Пока транспортные возможности для Дальнего Востока не созданы – нужны не столько субсидии (фактически это окажется субсидированием японского рынка), сколько облегчение налогового и административного пресса, истребляющего всякое желание связываться с легальным выходом на российский рынок. Но главное – это строить дороги, запускать новые аэропорты, восстанавливать железнодорожные линии, продумывать технологии ускорения прохождения Севморпути. Другими словами, всеми силами ускорять прохождение товаров, для сохранения качества которых каждый час имеет значение.

Русская кухня традиционно была рыбной. Строгие постные ограничения, накладываемые православием, оставляли рыбу, икру, «черепокожных» крабов, креветок и моллюсков единственной утехой. А потому русский рыбный стол был всегда чрезвычайно богат и прихотлив. Царь-рыбой Европейской России был осетр (который теперь с таким трудом и с помощью строгих запретов приходится восстанавливать), но, оказавшись на берегах восточных морей, русские люди быстро полюбили тамошние морские дары.

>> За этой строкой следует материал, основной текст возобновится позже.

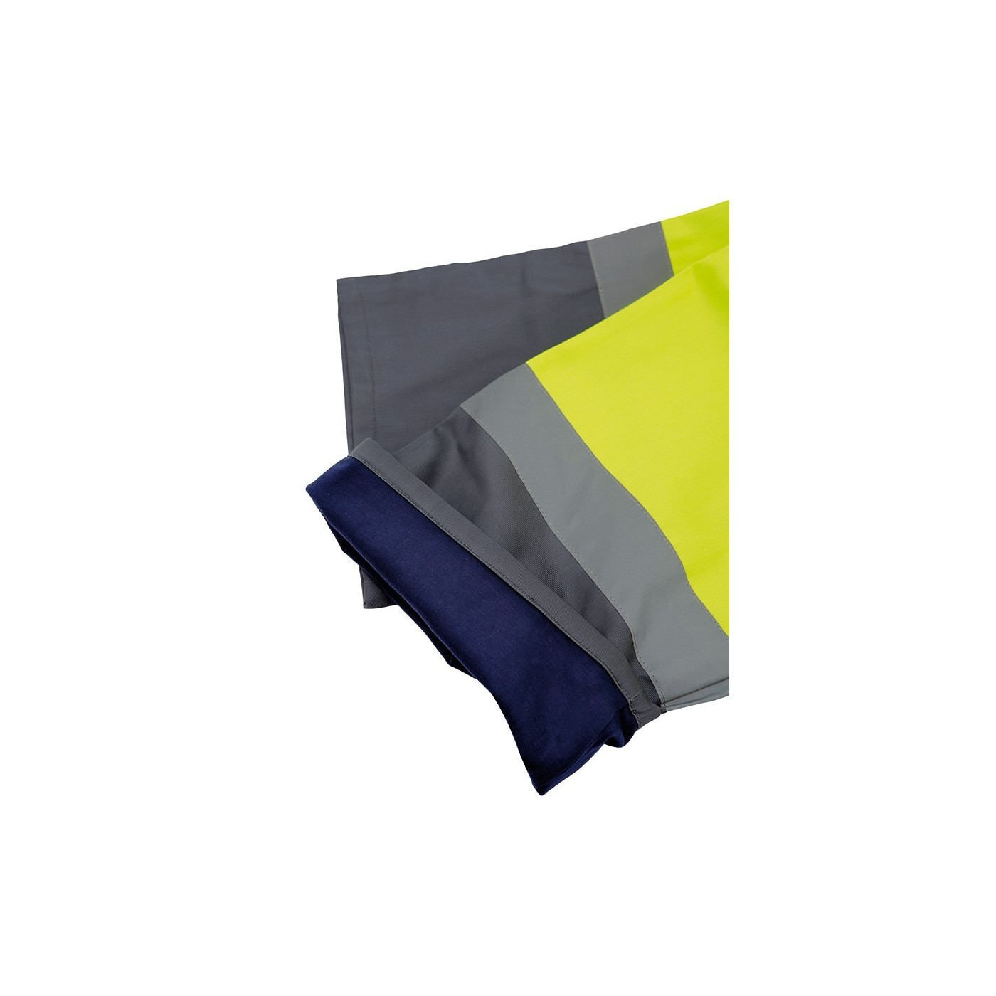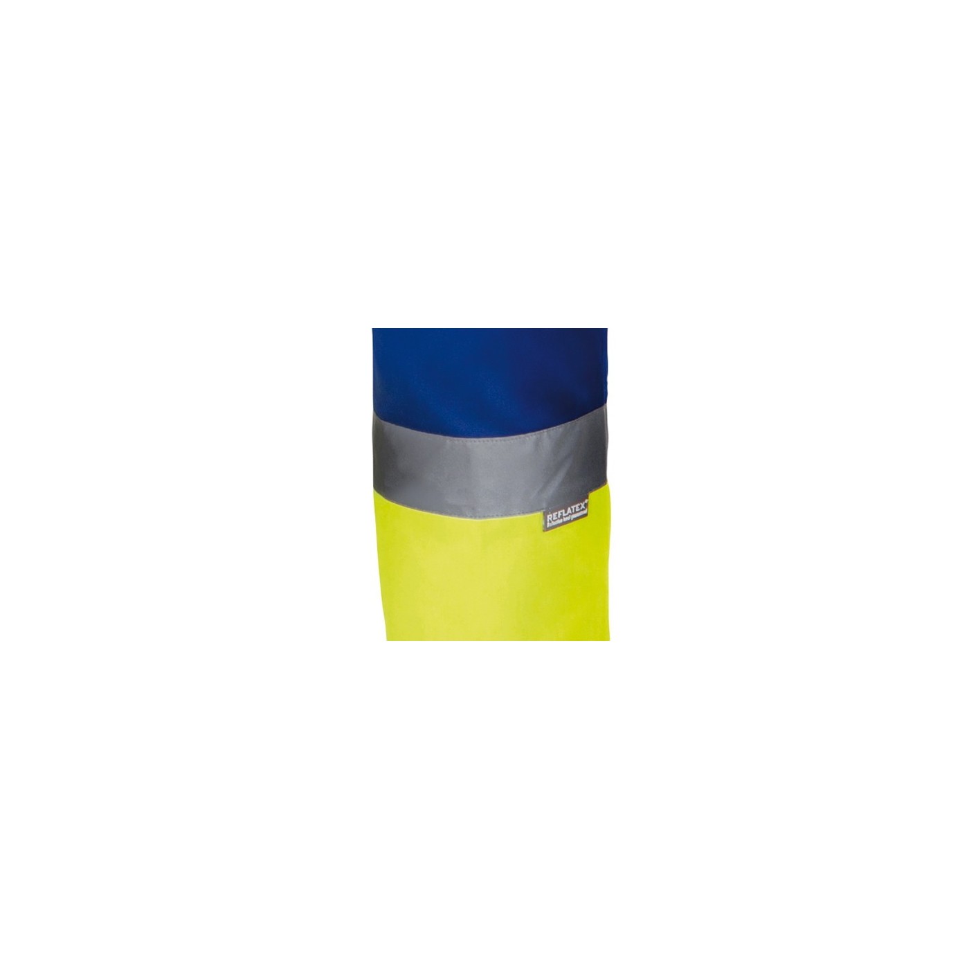 Two-color high visibility trousers with two reflective ribbons on the legs and a fluorine band between them. With tweezers, elastic waist and six pockets, four of them with covers and velcro closure. Lined.

Однако советская установка на количество в ущерб качеству привела к тому, что наш человек убедился: «Лучшая рыба – это колбаса». Кто помнит советские «рыбные дни» и вкус печени минтая, тот поймет. Но даже это не смогло уничтожить русского вкуса к рыбе – секрет успеха у нас в последние десятилетия японской кухни не в том, что она японская, а именно в том, что она – рыбная.

Хорошая рыба и морепродукты – важнейшая составляющая русского национального представления о качестве жизни.

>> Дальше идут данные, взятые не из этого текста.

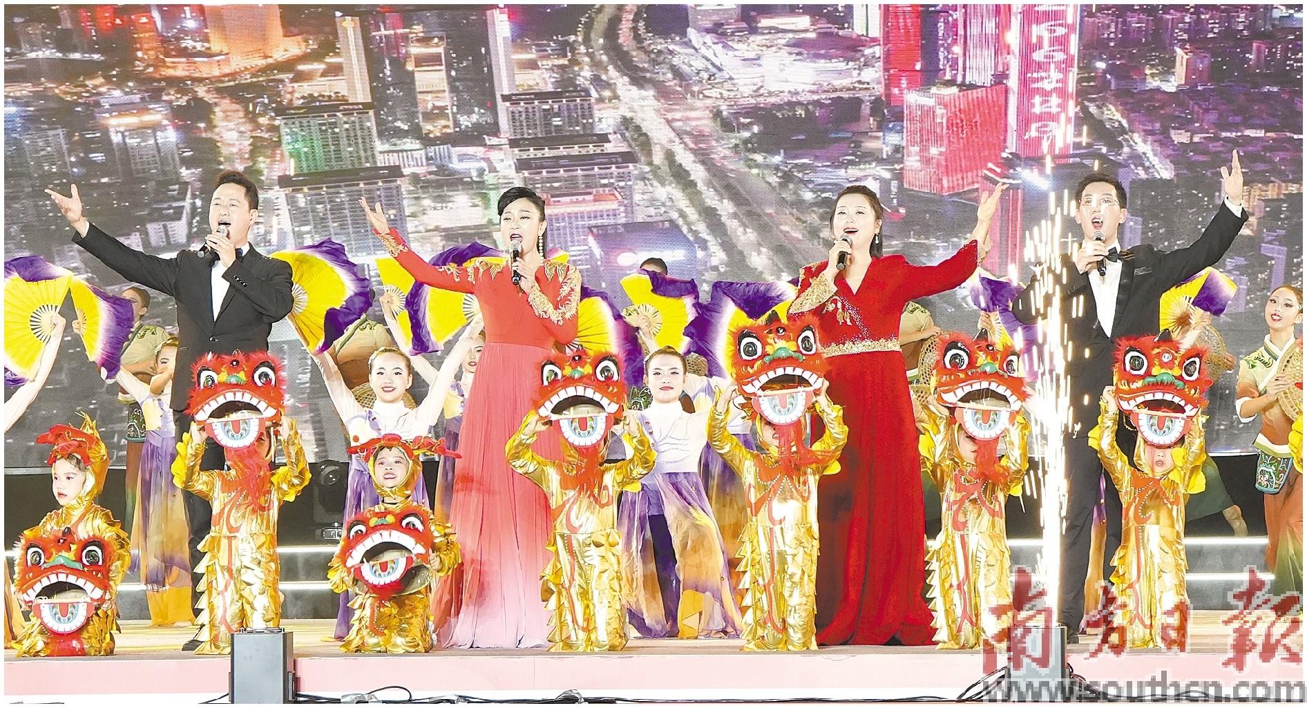 “我要上村晚”2024年东莞市百村迎春联欢晚会开幕。图为开篇节目大型歌舞《走向小康路》。南方日报记者 仇敏业 摄

Если не верите – наберите в поисковике слова «Жизнь удалась», и вам прежде всего попадется знаменитый плакат с икрой. А сегодня качественная рыба – это прежде всего рыба морей Дальнего Востока, пока что полузабытая нами и безумно расхищаемая нашими соседями, самый населенный из которых пока еще даже не включился в гонку.

Вопреки мифу о нашей сухопутности, на деле – Россия призвана быть «владычицей морскою» – самая протяженная морская граница, самый обширный континентальный шельф. Даже визуально Россия может показаться похожей на большую рыбукит или гигантского краба, залегшего у берега океана. Когда Вадим Цымбурский писал об «Острове России», он пытался передать в словах геополитической теории это ощущение водной доминанты России, ее океанского призвания, океанского будущего.

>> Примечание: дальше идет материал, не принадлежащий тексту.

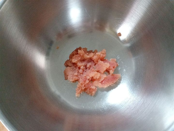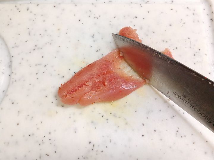 2包丁で明太子の皮に切れ目を入れ、ボウルに入れてほぐしておく。

Увы, наши моря неудобны для транспортировки из точки А в точку Б. Однако ответ на это дан в размышлениях великого строителя русского океанского флота – адмирала С.Г. Горшкова: море – это водная пустыня, пригодная для транспортировки; а вот океан – это пространство освоения ресурсов – биологических, минеральных, энергетических.

Это океанское пространство освоения у России почти столь же огромно, как и наша суша. И Дальний Восток в нашем океанском уборе – настоящая жемчужина. Если, конечно, мы сами ее не потеряем.


18 сентября 2014

Сердце тьмы

По словам Достоевского, «человек ищет чему поклониться». Российские западники от этого ключевого вопроса человеческого бытия свободны: Запад – бог и маммона их и Обама – пророк этого бога.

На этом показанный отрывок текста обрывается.